DATASET EXTRACT:
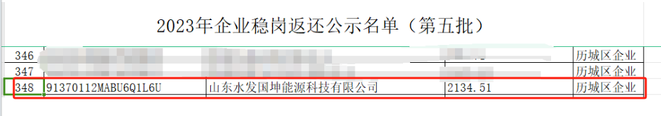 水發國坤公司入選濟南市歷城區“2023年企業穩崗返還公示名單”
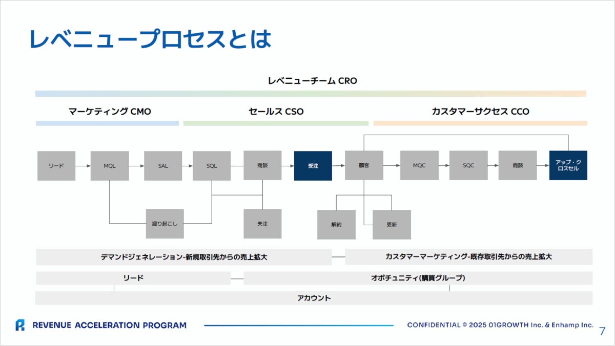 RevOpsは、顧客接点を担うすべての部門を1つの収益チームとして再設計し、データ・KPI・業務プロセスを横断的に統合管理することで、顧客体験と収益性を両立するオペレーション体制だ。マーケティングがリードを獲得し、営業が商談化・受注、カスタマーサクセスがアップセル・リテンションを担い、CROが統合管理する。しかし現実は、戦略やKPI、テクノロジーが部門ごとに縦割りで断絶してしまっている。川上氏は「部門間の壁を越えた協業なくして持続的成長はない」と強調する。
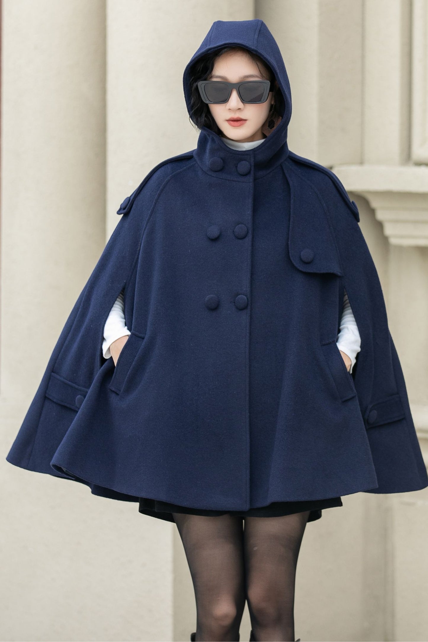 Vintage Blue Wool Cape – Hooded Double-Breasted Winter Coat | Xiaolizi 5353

WHAT THE TASK ASKS:
Copy exactly what appears from the line holding "RevOpsは、顧客接点を担" to the end of the material, keeping both end lines. Pictures are not part of the copy.

EXERCISE SOLUTION:
 RevOpsは、顧客接点を担うすべての部門を1つの収益チームとして再設計し、データ・KPI・業務プロセスを横断的に統合管理することで、顧客体験と収益性を両立するオペレーション体制だ。マーケティングがリードを獲得し、営業が商談化・受注、カスタマーサクセスがアップセル・リテンションを担い、CROが統合管理する。しかし現実は、戦略やKPI、テクノロジーが部門ごとに縦割りで断絶してしまっている。川上氏は「部門間の壁を越えた協業なくして持続的成長はない」と強調する。
 Vintage Blue Wool Cape – Hooded Double-Breasted Winter Coat | Xiaolizi 5353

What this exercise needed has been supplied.